India is reputed to be the world’s third-biggest crude importer, meeting 83 per cent of its demand from imports from the Middle East and other countries such as Nigeria, Mexico, Venezuela and the US.


FG Sues Firm for Alleged Violation of Nigerian Content Act

Meanwhile, the federal government has sued Sterling Global Oil Resources Limited for alleged violation of the NOGICD Act of 2010.

It was learnt that NCDMB took legal actions against Sterling Global Oil Resources because the firm was deemed to be a serial defaulter of the provisions of the NOGICD Act and did not exploit the remediation opportunities offered to it by the NCDMB.

According to court papers obtained by THISDAY, the suit is between the Federal Government of Nigeria versus Sterling Global Oil Resources Ltd, with number FHC/WR/55C/19.

The suit is being prosecuted by a private law firm, G.C Arubayi & Co for the Attorney General of the Federation, as provided under Section 174 (1) of the 1999 Constitution of the Federal Republic of Nigeria. 

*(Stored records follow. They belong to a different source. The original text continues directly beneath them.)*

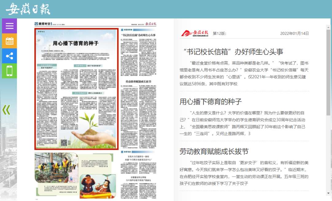 “站稳站好思政课讲台、全面推进课程思政建设、德育浸润学习生活实践,是安徽师范大学落实立德树人根本任务的三个重要渠道,德育研究会有效地将这三个渠道打通融合,并对学生‘拔节孕穗期’的思想引导起到了不可替代的栽培和雕琢作用。”安徽师范大学党委书记胡朝荣说。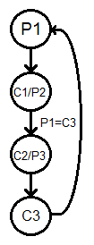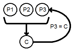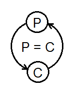 The simplest type of circular argument is an argument with a single premiss that is the same as its conclusion―see the first diagram to the right, where "P" stands for "premiss" and "C" for "conclusion" and the arrows indicate the direction of reasoning. Since P and C are the same proposition, we can also represent this argument with the second diagram, which shows that this is the smallest circle one can reason in.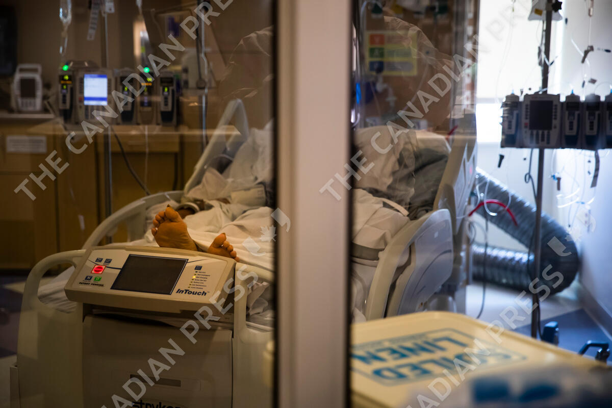 A COVID-19 patient lies in a bed in El Centro Regional Medical Center's COVID-19 unit in El Centro, Calif., Tuesday, July 21, 2020. (AP Photo/Jae C. Hong)

In the five-count charge against Sterling Global, the firm was accused of refusing to maintain a bidding process in all the contracts it awarded in connection with oil activities between 2013 to 2017, thereby not giving fair opportunity to Nigerian indigenous contractors, contrary to Section 15 of the NOGICD Act and punishable under Section 68 of the Act.

It was also alleged that the firm which operated Oil Mining Lease (OML) 277 and OML 280 blocks in Ndokwa-East Local Government Area of Delta State failed to locate within its project office manned by personnel to be approved by the NCDMB, in violation of Section 26 of the NOGICD Act and punishable under Section 68 of the Act.

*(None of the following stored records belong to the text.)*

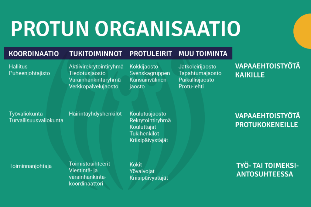 Protu-leirillä on noin 18 leiriläistä, 1-2 kokkia ja 7-8 hengen tiimi. Tiimi yleensä koostuu kahdesta yli 20-vuotiaasta aikuisesta ohjaajasta ja 5-6 apuohjaajasta, ja he ovat vastuussa leirin suunnittelusta ja järjestymisestä. Tiimi toimii nimensä mukaisesti tiiminä eli he muodostavat toimivan kokonaisuuden, jossa heidän vahvuutensa täydentävät toisiaan. Leirin suunnittelussa ja vetämisessä apuohjaajilla ja ohjaajilla on yhdenvertainen asema. Tiimiläisten tulee olla valmiita kompromisseihin yhteisten tavoitteiden edistämiseksi, mutta yksittäisten tiimiläisten tulee myös pystyä työskentelemään yksin. Ei kuitenkaan ole tarkkaa määritelmää hyvästä tiimiläisestä tai siitä, millainen kuuluisi olla, jotta voisi hakea tiimiin. Tärkeää on se, että on motivaatiota sekä aikaa leirin vetämiseen ja erityisesti sen suunnitteluun. On hyvä pitää mielessä, että leirillä oleminen on intensiivistä, ja omaa aikaa siellä saattaa olla vain vähän, mutta leirin vetäminen voi silti olla hyvin palkitsevaa.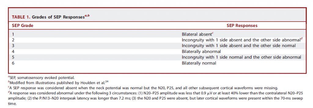 參考文獻:Sun, Y., Yu, J., Wu, J., Wu, X., Yuan, Q., Wu, X., ... & Hu, J. (2014). Predictive value of somatosensory evoked potentials for patients with severe traumatic brain injury. Neurosurgery, 61(CN_suppl_1), 171-174.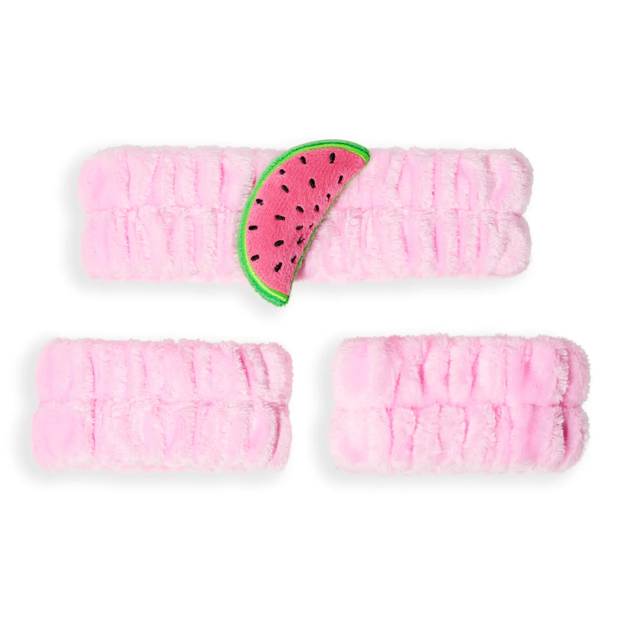 De I Heart Revolution Fruity Face Headband And Anti Drip Wristbands set maakt jouw skincare routine zoveel leuker én makkelijker! Deze superzachte set bestaat uit een fluffy roze hoofdband met schattige watermeloen-details en bijpassende anti-drip polsbandjes die water tegenhouden tijdens het reinigen of aanbrengen van maskers.

In the third charge, the firm was accused of not giving Nigerians first consideration for employment and not providing employment and training plan for Ndokwa people to cover the skill gap between Nigerians and expatriates in violation of Section 28, 29 and 30 of the NOGICD Act and punishable under Section 68 of the Act.

Sterling Global was also accused of ”deploying expatriates without submitting to the NCDMB an appropriate succession plan for any position not held by Nigerians in violation of Section 31 of the NOGICD Act and punishable under Section 68 of the Act.”

The fifth count stated that the company “did not obtain or receive the approval of the Board of the NCDMB before making any application for expatriate quota to the Ministry of Internal Affairs or any agency or ministry of the federal government rather you appointed 402 undeclared expatriates working on various projects in Nigeria without due approvals in violation of Section 33 of the Nigerian Content Act and punishable under Section 68 of the Act.”

A senior official of the NCDMB told THISDAY that the suit was part of the intensified efforts by the NCDMB to ensure strict compliance with the provisions of the NOGICD Act by local and international operating and service companies in line with the Nigerian Content 10-Year Strategic Roadmap.

The official added that the increased focus on the local firms became necessary because most Nigerian owned firms had believed erroneously that they were exempted from the Act and they continued to engage in non-complaint acts.

NCDMB had earlier moved against Heritage Energy Operational Services Limited (HEOSL), an indigenous oil producing company, for allegedly contravening the NOGICD Act.

The agency had accused HEOSL of working to derail the Nigerian Content Law by frustrating local service companies working for them, through acts ranging from unilateral contracts cancellation, non/late payments of contractors’ invoices and downward review of contract rates.

It also accused the company of terminating the appointment of two Nigerians in the Well Operations department because they do not want them to promote Nigerian companies and deploying non-compliant expatriates on its operations.

The company was also accused of non-payment of the one per cent Nigerian Content Development Fund (NCDF) in line with Section 104 of the NOGICD Act, 2010.

THISDAY, however, gathered that Heritage Energy had since executed Nigerian Content Non-compliance Remediation Activities, as a penalty for its breaches.